Widersprüchlich ist, dass die Polizei um 18.06 Uhr im sozialen Netzwerk "X" schrieb: "Auf dem Stadiongelände suchten rivalisierende Fangruppen zunächst die Eskalation untereinander, gingen dann beim Einschreiten unserer Einsatzkräfte dazu über, diese vehement anzugreifen." Dazu sagt der für Fanangelegenheiten zuständige Eintracht-Vorstand Philipp Reschke: "Ich habe keine Information, die das bestätigen würde - von keiner Seite." Um 18.50 Uhr kommunizierte die Polizei an gleicher Stelle den angeblichen Angriff auf die Ordner. Auch in der späteren Pressemitteilung steht nichts von rivalisierenden Fangruppen.

Die unterschiedlichen Ausführungen der Polizei zeigen, dass alle Aussagen rund um diesen finsteren Abend mit Vorsicht zu genießen sind. Für weitere Ermittlungen richtete die Polizei die Sonderkommission "SOKO2511" ein. Die Fanhilfe "Der 13. Mann" schreibt in einer Stellungnahme von einer "versuchten Festnahme durch eine zivil gekleidete Person". Nur Sekunden später hätte die Polizei "massiv den Bereich vor Block 40" betreten. Auch diese Schilderung lässt sich zur Stunde nicht verifizieren. Klar ist allein: Die Lage eskalierte rasch.

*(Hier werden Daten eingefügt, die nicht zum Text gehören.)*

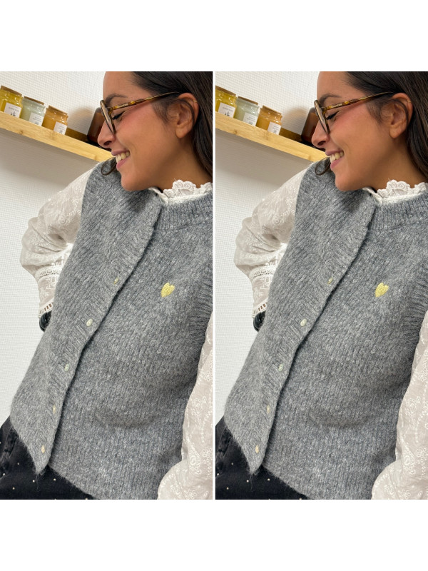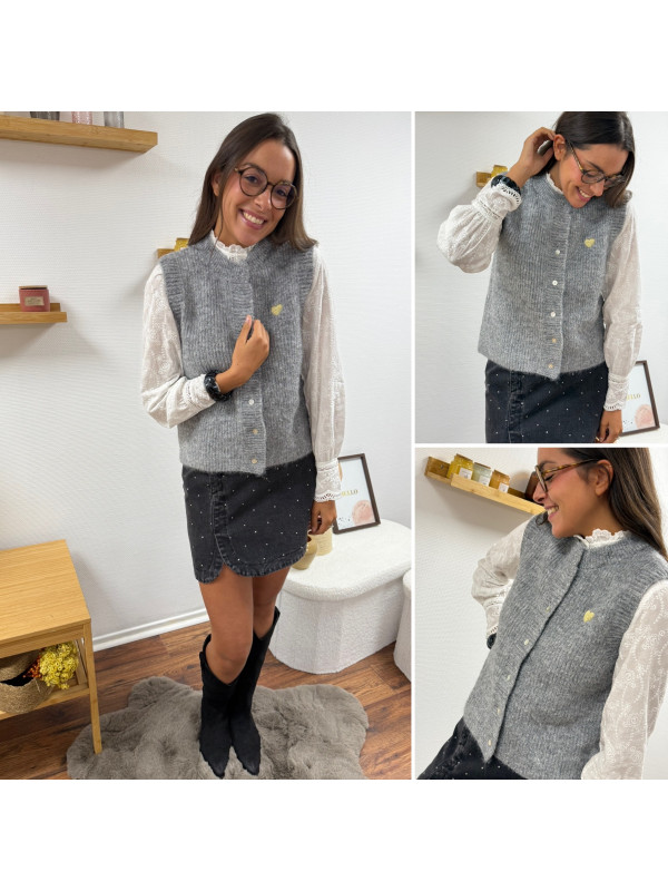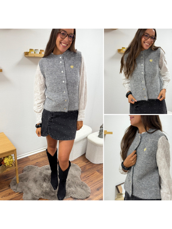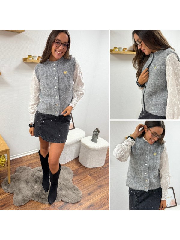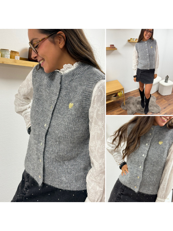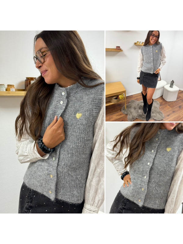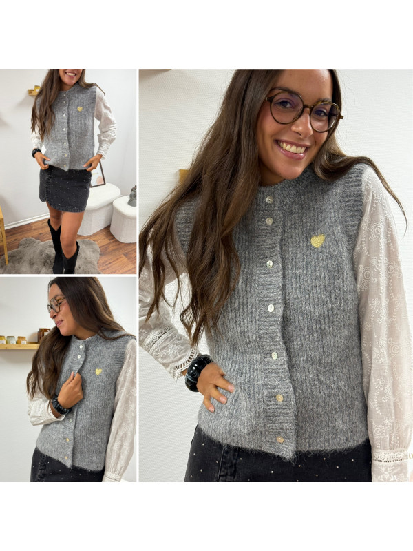 Gilet sans manches avec coeur doré et boutons nacrés gris chiné

Fanhilfe spricht von sieben Schwerverletzten

Laut Polizei sei eine "mittlere zweistellige Zahl" an Beamten verletzt worden. Die Fanhilfe berichtet von "mindestens 70 verletzten Fans, davon sieben Schwerverletzte". Teilweise seien Fans bewusstlos die Treppen heruntergestürzt. Es gibt zahlreiche übereinstimmende Schilderungen, wonach ganz normale Fans, darunter auch Frauen und Kinder, Reizstoffe abbekamen und behandelt werden mussten. Das stellt die Strategie der von einem neuen Einsatzleiter geführten Polizei infrage. Wenn Unbeteiligte verletzt werden und beim Stadionbesuch Angst vor den Uniformierten haben, muss etwas gehörig schief gegangen sein. Nach dem Ausbau umfasst die Nordwestkurve 18.000 Stehplätze. Die große Mehrzahl der Fans, die dort stehen, ist friedlich.

Allerdings bietet die Eintracht auch Hunderten gewaltaffinen Ultras und Hooligans eine Heimat. Für verschiedene Vergehen musste der Klub 2022/23 eine Rekordstrafe in Höhe von 976.200 Euro zahlen. In der Conference League muss die Eintracht am letzten Gruppenspieltag ohne ihre Fans in Aberdeen auskommen. Diese Kollektivstrafe verhängte die UEFA, nachdem in Helsinki ein Spieler von einem Becher getroffen wurde und etliche Bengalos brannten. Der Verein verfolgt seit Jahren eine Strategie des Dialogs, um noch Schlimmeres zu verhindern. Nach den schweren Ausschreitungen steht der Klub allerdings mehr denn je in der Pflicht, kriminelle Gewalttäter ein für alle Mal auszusperren.

Zugleich müssen im Hintergrund alle Hebel in Bewegung gesetzt werden, um neuerliche Ausschreitungen beim kommenden Heimspiel in der Conference League gegen PAOK Saloniki zu verhindern. Nach den Rudelbildungen im Hinspiel birgt das Spiel sportlich einige Brisanz. Zu hoffen bleibt, dass es nur auf dem Rasen hoch hergehen wird und der Sport endlich wieder im Mittelpunkt steht.